Although it is located within municipal Jerusalem, Shu‘fat refugee camp in northern Jerusalem has been severed from the city by the Separation Wall since 2002. Residents can only access the city by a single military checkpoint (see Closure and Access to Jerusalem). For women in the camp, this means they can’t readily access any health care, let alone preventative care for breast cancer. To address this gap, Jerusalem’s renowned Augusta Victoria Hospital (AVH, referred to as al-Muttala‘ Hospital in Arabic) on the Mount of Olives launched a Mobile Breast Cancer Clinic in 2009.
Jerusalem Story accompanied the mobile clinic’s team out to the camp on Tuesday, December 17, 2025. The clinic parked in front of the Zghayer Medical Center, which is affiliated with the Kupat Holim Clalit, an Israeli state health service organization.
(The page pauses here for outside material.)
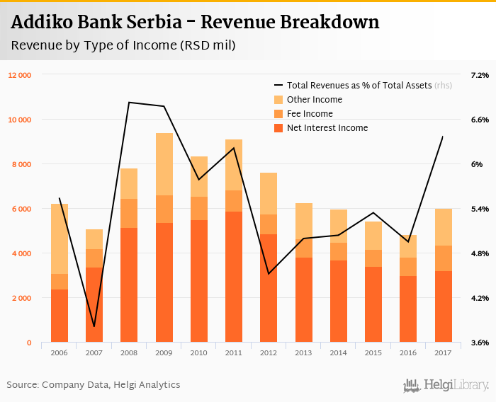 Comparing Addiko Bank Serbia with its closest peers, Komercijalna Banka Beograd generated total revenues of 5.43% of assets in 2017, Bank Intesa Serbia operated with 5.33% revenue margin and Raiffeisenbank Serbia produced total income worth 5.87% of assets.

The center lies beyond the Separation Wall, which has severed the camp from the center of Jerusalem since 2002. Thus, even just reaching the designated location for the clinic was not easy.
The United Nations Relief and Works Agency (UNRWA) established the camp in 1965 to house Palestinian refugees from the 1948 Nakba (see Neighborhoods beyond the Wall).
That day, the weather was rainy, and due to the camp’s poor infrastructure, drivers had to avoid deep potholes in the streets and sometimes stop to make way for pedestrians because of heavy crowding in the streets.
The medical center sits on a small side street in the camp that is not far from the Shu‘fat checkpoint that all residents must pass through to exit the camp. The mobile clinic offers mammograms for female camp residents aged between 50 and 75 who have health insurance.